03/12/2015

For the Love of Running

This is a letter I wrote to my former high school cross-country coach who has been diagnosed with colon cancer. At his age (Gosh! He’s probably more than 80 years old now), he is choosing not to fight it or seek treatment for it. I just learned this news this morning and wrote this letter for my mother to deliver to him for me.

Dear Mr. Ugly –

You know it’s a funny thing….maybe even a premonition, really….but the other day I was thinking about you and the speech you gave when you awarded me with the Coach’s Award in Cross-Country in the 10th grade. Then I started to recall the first time I met you in middle school when you started intramural track and field. I remember that cramped hot weight room in the basement of the middle school with its asbestos-covered pipes running above us.
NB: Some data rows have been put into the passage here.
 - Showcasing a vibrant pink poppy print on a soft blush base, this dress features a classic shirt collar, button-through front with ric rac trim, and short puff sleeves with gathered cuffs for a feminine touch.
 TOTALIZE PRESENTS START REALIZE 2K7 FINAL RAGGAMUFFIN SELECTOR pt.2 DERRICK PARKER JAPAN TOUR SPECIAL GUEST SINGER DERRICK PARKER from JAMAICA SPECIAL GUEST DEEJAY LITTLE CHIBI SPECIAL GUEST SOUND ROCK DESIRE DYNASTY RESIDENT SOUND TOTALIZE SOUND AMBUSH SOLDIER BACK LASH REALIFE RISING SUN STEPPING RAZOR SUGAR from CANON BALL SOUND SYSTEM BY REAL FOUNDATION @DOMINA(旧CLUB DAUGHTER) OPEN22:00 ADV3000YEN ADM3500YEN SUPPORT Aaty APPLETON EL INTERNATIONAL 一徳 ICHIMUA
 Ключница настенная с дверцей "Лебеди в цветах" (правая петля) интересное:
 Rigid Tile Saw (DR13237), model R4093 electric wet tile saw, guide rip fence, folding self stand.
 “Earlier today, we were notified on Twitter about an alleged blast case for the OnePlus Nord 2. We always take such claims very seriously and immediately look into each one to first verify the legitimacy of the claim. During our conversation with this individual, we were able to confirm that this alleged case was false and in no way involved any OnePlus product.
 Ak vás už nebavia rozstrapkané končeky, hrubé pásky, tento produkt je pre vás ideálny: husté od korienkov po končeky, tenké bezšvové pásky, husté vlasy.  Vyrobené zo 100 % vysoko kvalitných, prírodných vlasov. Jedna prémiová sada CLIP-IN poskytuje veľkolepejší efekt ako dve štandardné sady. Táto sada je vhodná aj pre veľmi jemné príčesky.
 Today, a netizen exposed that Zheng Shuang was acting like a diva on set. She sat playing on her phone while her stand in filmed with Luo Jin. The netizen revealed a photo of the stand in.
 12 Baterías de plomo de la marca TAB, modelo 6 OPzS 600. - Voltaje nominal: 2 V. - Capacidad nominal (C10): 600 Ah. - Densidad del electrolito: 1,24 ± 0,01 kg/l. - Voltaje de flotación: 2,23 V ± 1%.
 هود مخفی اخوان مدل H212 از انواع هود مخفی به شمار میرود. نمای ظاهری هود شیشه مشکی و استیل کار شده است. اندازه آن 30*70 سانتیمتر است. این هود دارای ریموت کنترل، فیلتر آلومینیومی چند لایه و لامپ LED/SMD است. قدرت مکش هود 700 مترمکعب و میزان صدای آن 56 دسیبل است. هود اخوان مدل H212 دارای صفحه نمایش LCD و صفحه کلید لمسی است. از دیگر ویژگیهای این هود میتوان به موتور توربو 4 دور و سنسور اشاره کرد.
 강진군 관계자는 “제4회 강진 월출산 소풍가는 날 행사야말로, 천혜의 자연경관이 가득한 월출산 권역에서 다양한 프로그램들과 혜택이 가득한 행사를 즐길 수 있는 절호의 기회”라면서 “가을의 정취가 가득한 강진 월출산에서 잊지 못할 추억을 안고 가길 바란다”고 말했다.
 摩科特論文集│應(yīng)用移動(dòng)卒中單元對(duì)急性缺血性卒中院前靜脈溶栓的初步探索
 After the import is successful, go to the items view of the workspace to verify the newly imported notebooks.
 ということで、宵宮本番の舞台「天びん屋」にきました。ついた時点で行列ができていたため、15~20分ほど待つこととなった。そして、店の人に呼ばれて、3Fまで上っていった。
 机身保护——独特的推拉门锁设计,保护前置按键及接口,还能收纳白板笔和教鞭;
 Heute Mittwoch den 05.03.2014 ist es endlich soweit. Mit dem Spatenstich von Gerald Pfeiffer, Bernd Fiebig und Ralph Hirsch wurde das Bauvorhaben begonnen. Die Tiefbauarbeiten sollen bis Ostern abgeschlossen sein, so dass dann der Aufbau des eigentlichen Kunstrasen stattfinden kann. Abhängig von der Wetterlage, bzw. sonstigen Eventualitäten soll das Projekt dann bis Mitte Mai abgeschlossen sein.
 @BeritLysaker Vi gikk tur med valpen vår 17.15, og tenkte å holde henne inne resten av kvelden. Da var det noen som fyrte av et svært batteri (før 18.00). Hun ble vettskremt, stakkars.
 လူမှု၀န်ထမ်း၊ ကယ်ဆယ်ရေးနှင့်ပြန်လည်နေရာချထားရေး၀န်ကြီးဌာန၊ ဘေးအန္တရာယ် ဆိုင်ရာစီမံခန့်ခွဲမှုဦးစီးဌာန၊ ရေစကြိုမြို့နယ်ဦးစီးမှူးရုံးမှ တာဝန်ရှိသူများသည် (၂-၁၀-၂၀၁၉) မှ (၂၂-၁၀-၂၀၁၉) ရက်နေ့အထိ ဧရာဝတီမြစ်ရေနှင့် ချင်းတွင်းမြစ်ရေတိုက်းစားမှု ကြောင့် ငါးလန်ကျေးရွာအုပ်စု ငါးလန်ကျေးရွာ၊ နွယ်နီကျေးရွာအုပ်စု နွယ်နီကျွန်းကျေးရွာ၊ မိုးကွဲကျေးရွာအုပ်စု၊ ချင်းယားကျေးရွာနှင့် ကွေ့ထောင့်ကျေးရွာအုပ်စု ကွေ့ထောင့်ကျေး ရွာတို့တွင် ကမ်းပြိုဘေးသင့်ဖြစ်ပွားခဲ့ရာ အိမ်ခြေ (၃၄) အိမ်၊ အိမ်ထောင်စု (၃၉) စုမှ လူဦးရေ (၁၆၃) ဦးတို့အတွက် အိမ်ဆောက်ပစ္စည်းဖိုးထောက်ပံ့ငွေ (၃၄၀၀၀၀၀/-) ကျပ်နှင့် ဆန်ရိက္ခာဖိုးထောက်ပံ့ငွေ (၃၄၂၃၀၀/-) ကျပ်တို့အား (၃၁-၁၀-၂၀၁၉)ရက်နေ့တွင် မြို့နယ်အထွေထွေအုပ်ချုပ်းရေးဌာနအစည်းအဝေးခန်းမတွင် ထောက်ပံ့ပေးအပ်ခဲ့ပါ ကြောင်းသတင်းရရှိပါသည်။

You introduced yourself but your name wasn’t important. You told us that we could call you “Ugly.” And ever since then I’ve only ever called you “Mr. Ugly.” Whenever I yelled out, “Hey! Mr. Ugly,” your response always put a smile on my face as you pushed up your glasses with your middle finger! Now today, I come back from a run to read an email from mom saying that you aren’t doing well and would I write you a letter. I immediately started to cry because not only do I still remember the first time I met you, but I remember all you have done for me throughout the years.

I think I can safely say that you are the first man I ever respected -and even now more than 25 years later, there are only a handful who gain my respect. You never yelled or screamed at us. You just wanted us to enjoy what we were doing. In middle school, you had a ribbon for every place we finished for every event. Even if it was last place, everyone got a ribbon. I have scrapbooks filled with those ribbons; even the shelves in my room back home are still lined with my running trophies. And the trophy I cherish most is that Coach’s Award. Maybe I wasn’t the fastest that year, but I had heart, I was dedicated and most of all, I had fun running! And because the trophy and accompanying speech came from your heart, it is still my favorite and most cherished.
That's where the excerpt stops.